Your lamp is going to have some time-dependent behavior, and you can
never be sure of estimated gains (the 'B' term in your equation).
Unless you can afford to have the system respond very slowly you should
measure this behavior -- I advocate using swept-sine measurements, but
there are plenty of people who feel you should get a step response and
do an ARMA system identification procedure.  Then you should use this
measured behavior to determine the feasibility of increasing your
apparent DAC resolution through dithering, and to design a solid
controller with some sort of stability guarantees.

Were it me, I would first determine if I could make an
ultra-conservative controller.  If I could I'd just make a PI
controller, possibly with a sigma-delta output stage to increase the
current resolution, possibly with some deadband to prevent a limit cycle
around the current step.  I'd design and tune the PI controller per the
methods outlined in http://www.wescottdesign.com/articles/pidwophd.html .

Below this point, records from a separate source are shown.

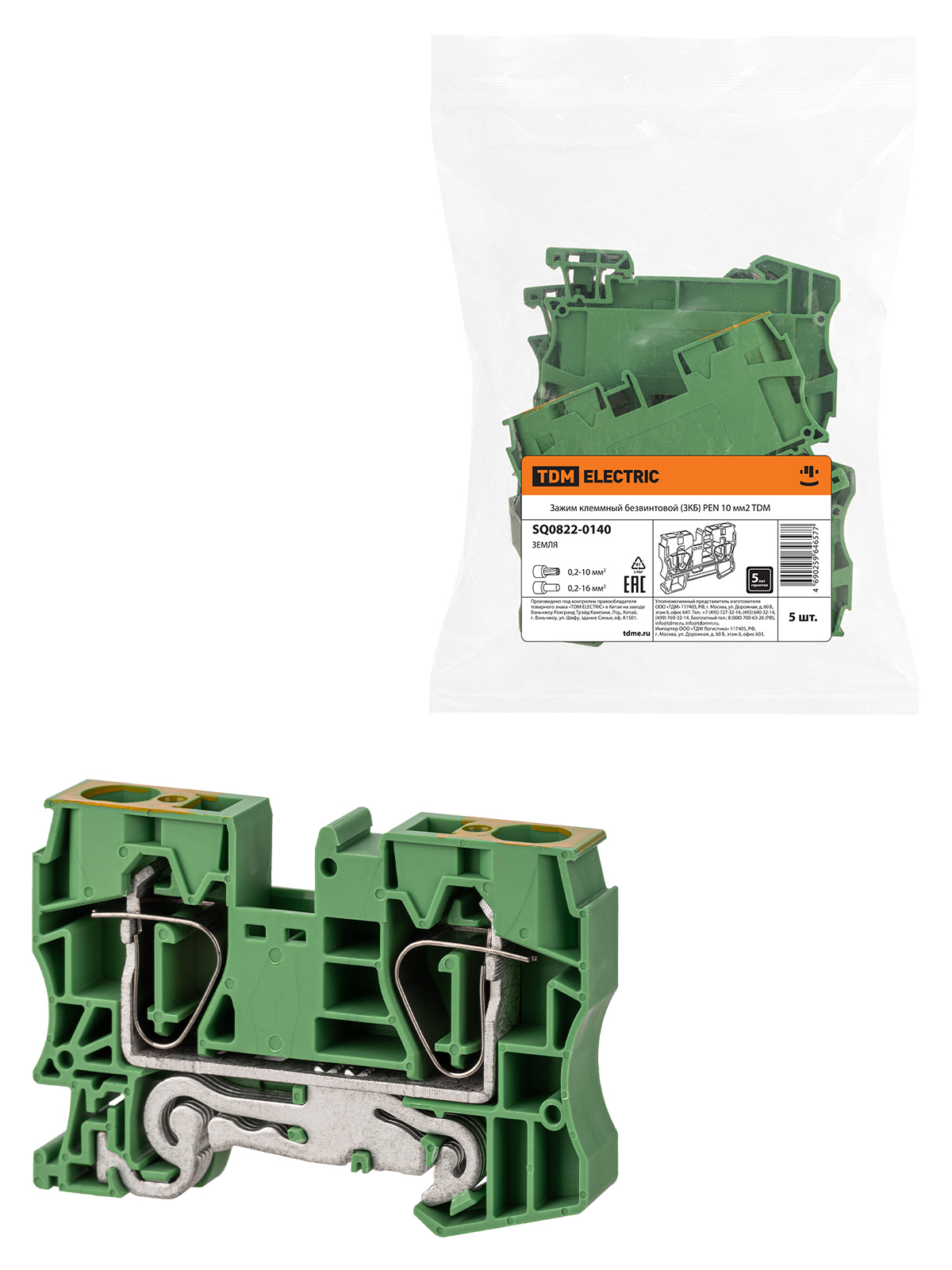 Наименование: Зажим клеммный безвинтовой (ЗКБ) PEN 10мм2 TDM
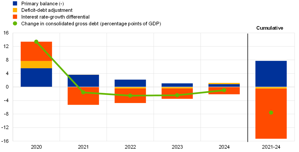 Following a large increase in 2020, the euro area government debt-to-GDP ratio fell slightly in 2021 and is expected to shrink slowly to just below 90% by 2024, well above its pre-crisis level. After the debt ratio increased by about 13 percentage points to 97% in 2020, a falling but still high primary deficit in 2021 is estimated to have been more than offset by a significant debt-reducing contribution from a favourable interest rate-growth differential. Throughout the period 2022-24, the debt ratio is projected to continue declining slowly but steadily as debt-increasing primary deficits are outweighed by still favourable contributions from interest rate-growth differentials and, to a limited extent in the first two years, from deficit-debt adjustments (Chart 28). At the end of the projection horizon in 2024, the debt-to-GDP ratio is expected to stabilise at just below 90%, i.e. 12 percentage points above its pre-crisis level in 2019.
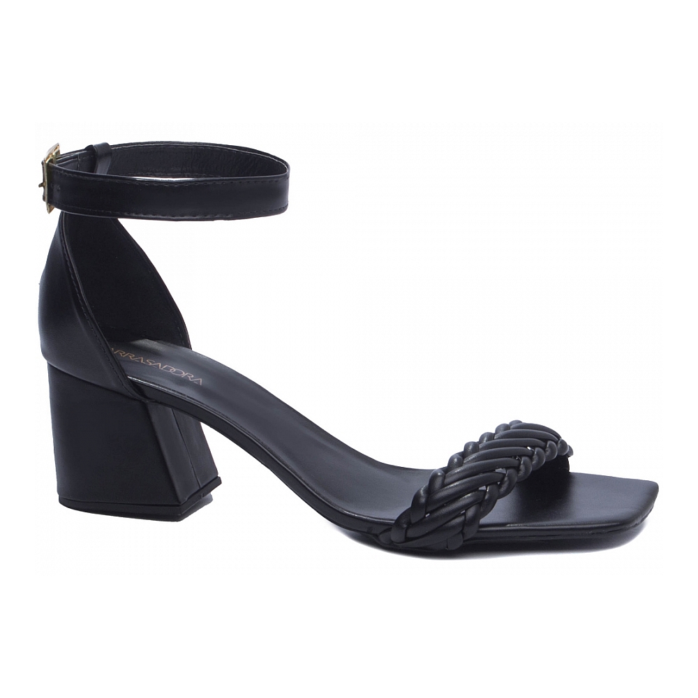 Sandália Feminina Preta Salto Baixo Robusto 4.004A
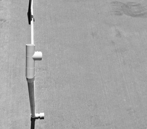 - Place one of the top ends of the tee (Part H) onto the other end of the pipe and tap it on a hard surface. There should be very little or no space between the fittings. The pipe segment is now buried within the two fittings. Twist the tee (Part H) so the outlet side of it is facing away from the assembled angle.
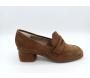Zapato de mujer con antifaz, afelpado en color marrón castaño, tacón grueso de 4 cm de altura forrado al tono, marca PLUMERS MENORCA modelo 4143.
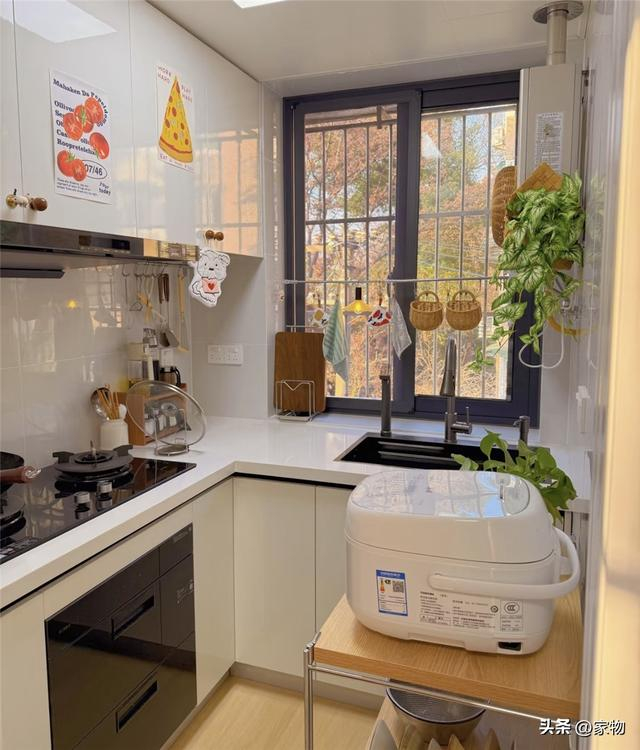 厨房差不多有3㎡左右,搭配一个放厨电的收纳架,变成了U形格局,各种厨电厨具嵌入柜子里,台面转角处也留出了一个小小的切菜备菜空间,虽然很紧凑,但一间厨房该有的功能它倒是也都有。
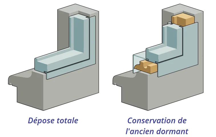 Le propriétaire peut choisir une pose « en rénovation » : l’ancienne fenêtre est démontée en conservant l'ancien dormant (la partie fixe autour de la fenêtre), et le nouveau dormant est installé par-dessus. Cette méthode a l’avantage d’être économique car il n’y a pas ou peu de reprises à faire sur le mur autour de la fenêtre. L'inconvénient est que la nouvelle fenêtre est forcément plus petite et fait perdre de la luminosité, en particulier sur les fenêtres de petites dimensions.
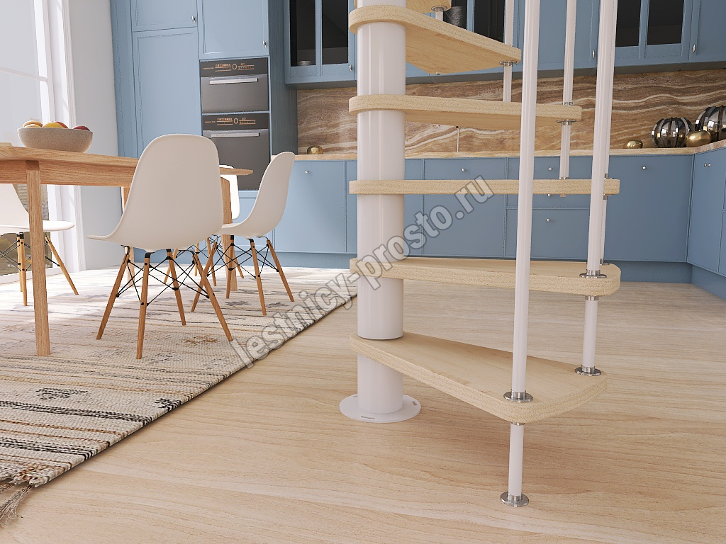 Винтовая лестница Prosto Spiral White D160см, h282.2-326,3 см, бук

If I needed better time response than what an ultra-conservative
controller would give me I'd do a swept-sine measurement and design a
PID controller using frequency domain techniques.  I'd measure the
response per
http://www.wescottdesign.com/articles/FreqMeas/freq_meas.html , and
design it per chapter 6 in my book "Applied Control Theory for Embedded
Systems" (http://www.wescottdesign.com/actfes/actfes.html ).

--

Tim Wescott
Wescott Design Services
http://www.wescottdesign.com

Posting from Google?  See http://cfaj.freeshell.org/google/

"Applied Control Theory for Embedded Systems" came out in April.
See details at http://www.wescottdesign.com/actfes/actfes.html

Re: Control of a light source



Tim Wescott ha scritto:


Many thanks for your suggestions.

I read the photodiode voltage using a digital voltmeter and the current
is supplyed using a programmable DC power supply, both connected to a
pc through IEEE488. I'd like to do a swept-sine measurement but I have
not at my disposal the necessary instrumentations, I can try to get a
step response instead. The system hasn't any requirement on the time
response so a PI controller should works fine.

Tucker


Re: Control of a light source



tucker wrote:

I think the first thing you need to do is clarify you specifications.
Your first item sounds OK, your second bullet sounds like design rather
than specifications, and your third item sounds like an alarm, not
control, which contradicts your opening paragraph.

If you just need to hold the luminance steady and sound an alarm if the
color temperature goes off too far then an LTI controller for luminance
and a threshold -- possibly with a filter -- around the color
temperature measurement should be all that you need.

--

Tim Wescott
Wescott Design Services
http://www.wescottdesign.com

Posting from Google?  See http://cfaj.freeshell.org/google/

"Applied Control Theory for Embedded Systems" came out in April.
See details at http://www.wescottdesign.com/actfes/actfes.html

Re: Control of a light source



Sounds like a great place for an LM3524 if they still make them..I've
built this circuit...does a great job for less than $10.